The complexity of the below program is given to be O(n!)
double foo(int n){
int i;
double sum;
if(n==0){
return 1.0;
}
else {
sum=0.0;
for(i=0;i<n;i++){
sum+=foo(i);
}
return sum;
}
}
But I could determine its complexity as O(n!). Can anyone explain how is it coming to be O(n!)?
Is it Θ(n!) also or only O(n!)?
If it is not Θ(n!) .Can I get a sample of Θ(n!) code.
Let's assume the time to calculate foo(n) is $T(n)$. In the case where $n>0$, we can gather the time taken for an iteration will be: $$ T(n) = \left( \sum_{i=0}^{n-1} T(i)\right) +n+c $$
Also, $T(1)=c$
First, a little justification. The summation in the parenthesis is the run time for all the calls to foo in the loop. The n accounts for the looping and the constant c accounts for things such as initialization, comparisons and such.

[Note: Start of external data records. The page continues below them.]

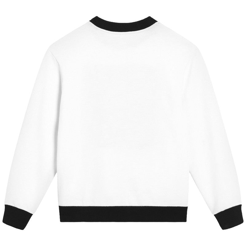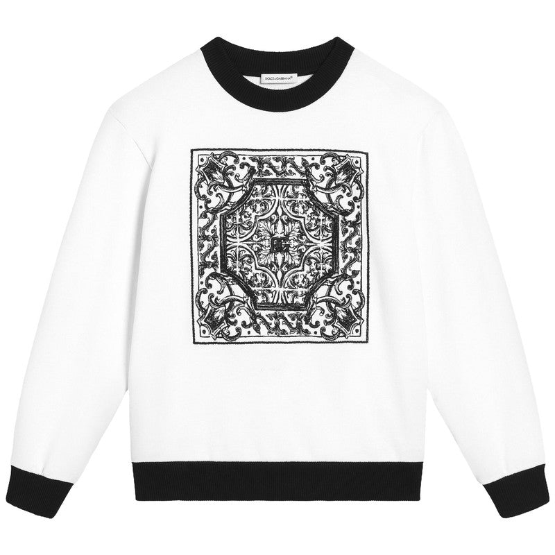 Black and white cotton sweatshirt by luxury brand, Dolce & Gabbana. The front features an intricately embroidered Majolica motif, a nod to the fashion house's Italian heritage. Made in soft, mid-weight jersey, this relaxed-fit top has black ribbed trims for a contrasting finish.
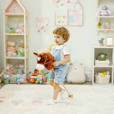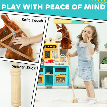 Tired of finding toys that are safe and engaging for both indoor and outdoor play? This Qaba hobby horse brings adventures to life. With a tap of its ear, realistic galloping sounds fill the room, sparking imagination. Crafted with soft fibre and a solid wood stick, it brings peace of mind during energetic play. The smooth wheels glide from the living room to the garden, making this horse on a stick a year-round companion.
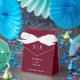 Elegante caja de favores burdeos y de bodas doradas personalizada con sus nombres, iniciales de monograma, fecha boda y mensaje especial de agradecimiento. Diseñado por Thisisnotme©
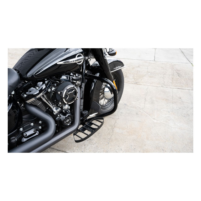 Satin black powder coated steel floorboards; TIG welded for strength. The serrated surface offers a bite that makes these boards offer unsurpassed grip for easy-riding in standard to extreme situations.
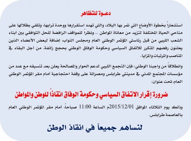 دعا التجمع الليبي لدعم الحوار والمصالحة لوقفة أمام مقر المؤتمر الوطني العام بطرابلس, غدا الثلاثاء الاول من ديسمبر دعماً لما وصفه بـ”ضرورة اقرار الاتفاق السياسي وحكومة الوفاق لانقاد الوطن والمواطن”.
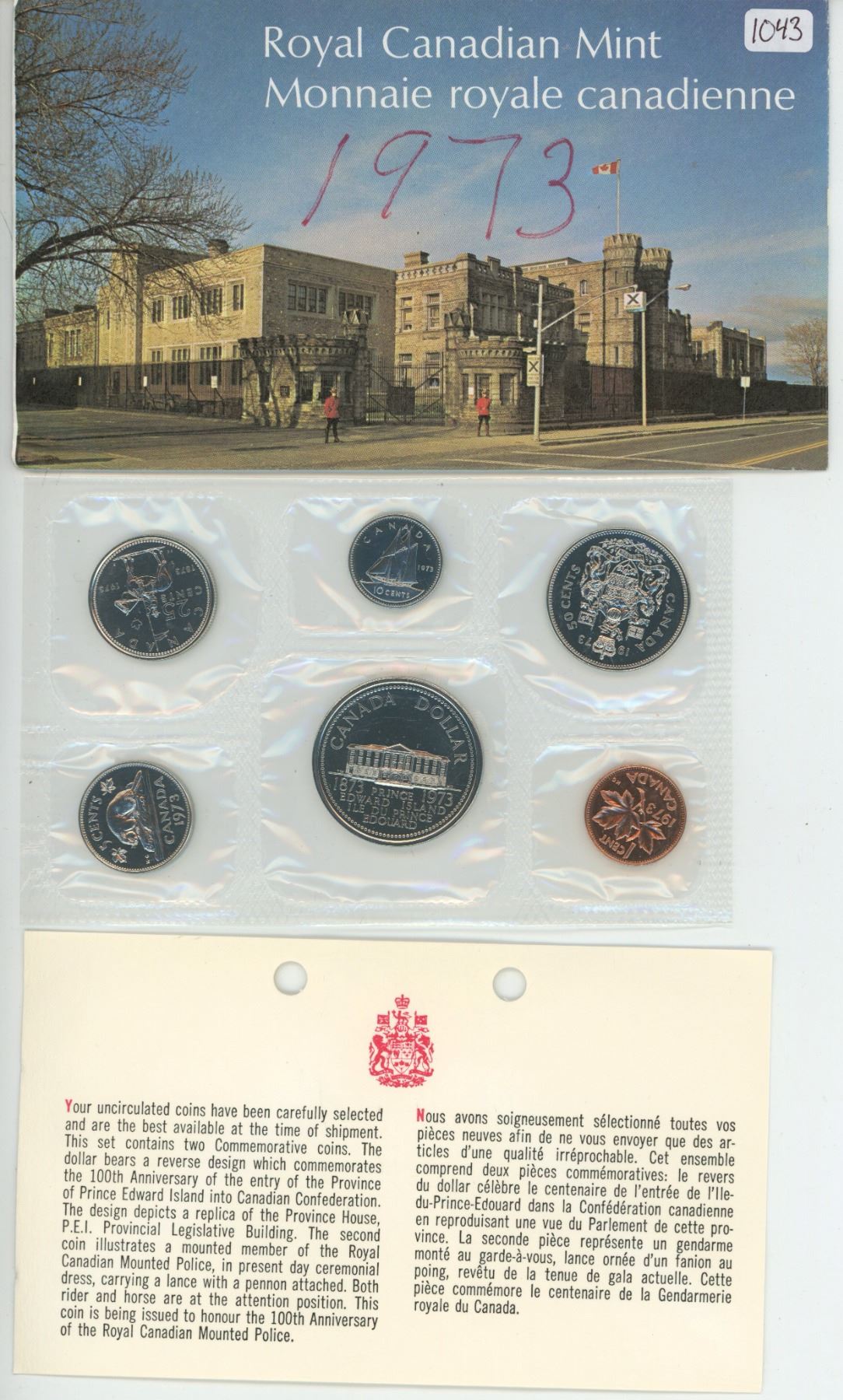 1973 Proof Like Set. 6-coin set includes RCMP Centennial 25 Cents & PEI Centennial Nickel Dollar.
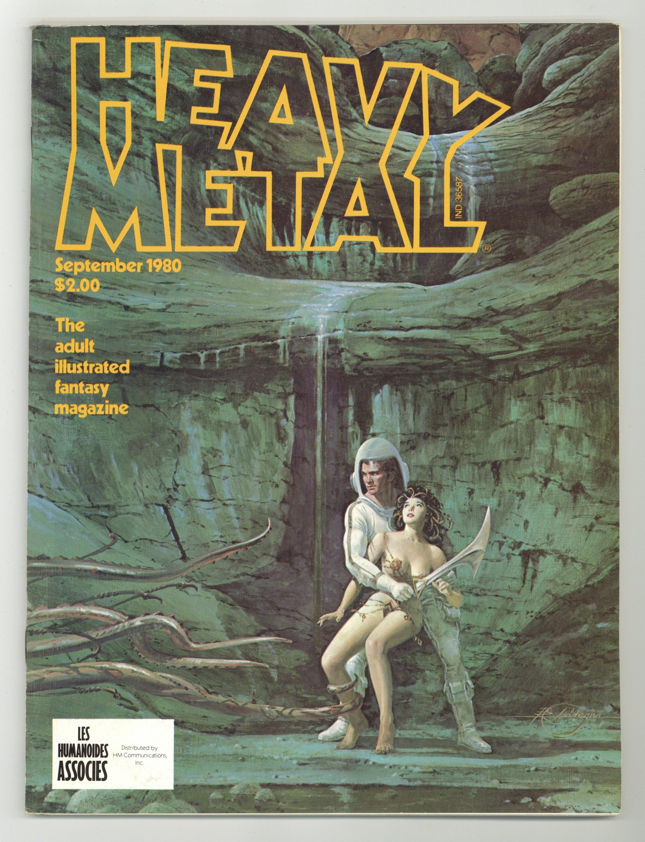 Published Sep 1980 by HM Communications.$13.00Robert Adragna cover September 1980, issue 42. Dubbed "The adult illustrated fantasy magazine," Heavy Metal also publishes tales of horror, science fiction, and adventure. This 42nd issue includes the following stories: Salammbo by Druillet; The Alchemist Supreme by Ribera and Godard; Professor Thintwhistle Steve Stiles and Richard Lupoff; The Bus by Paul Kirchner; The World of Fif by Jacques Rochberny; Into the Breach by John Shirley and Leo Duranona; Construction Project by Michael Gross; Zeitgeist by Greg Terpenning and Ernie Colon; Progress by Bilal; Changes by Matt Howarth; Under the Influence of a UFO by Howard Cruse; Rock Opera by Rod Kierkegaard, Jr.; and Shaman by Paul Kirchner. Includes a letter by Barry Malzberg and an interview with Druillet. Cover art by Robert Adragna. Back cover art by Berni Wrightson. Cover price $2.00.

Now, with that in mid, let's calculate what the next step would be, and see if we can deduce the growth of the run time.
$$ T(n+1) = \left( \sum_{i=0}^{n} T(i)\right) +(n+1)+c $$
Now, if from the present sum we extract $T(n)$, we get:
$$ T(n+1) = \left( \sum_{i=0}^{n-1} T(i)\right) +T(n)+(n+1)+c $$
Now, if we rearrange the result in the following way, we have an opportunity for reducing the sum:
$$ T(n+1) =\left[ \left( \sum_{i=0}^{n-1} T(i)\right) + n+c \right]+T(n)+1 $$
You see that in the brackets, that's exactly what we defined as $T(n)$ (1rst equation). In that case, we get that:
$$ T(n+1) =T(n)+T(n)+1 = 2T(n)+1 $$
From this, it also stands that $T(n)=2T(n-1)+1$. What happens if we replace $T(n-1)$ by it's value calculated with this very function? Well, let's iterate:
$$ \begin{array}{r l} T(n) & = 2T(n-1)+1 \\ & = 2 \left[ 2 T(n-2) +1 \right] +1 \\ & = 2 \left[ 2 \left[ 2 T(n-3) +1 \right] +1 \right] +1 \\ & \vdots \\ & = 2^kT(n-k)+k \end{array} $$
Almost there. Finally, let's write it in terms of $T(0)$, our known base case. First, for that we must have $T(n-k) = T(0)$ so it stands that $k=n$. In the end, we get:
$$ T(n) = 2^nT(0)+n=2^nc+n $$
With this in mind, we can conclude that $T(n) = \theta(2^n)$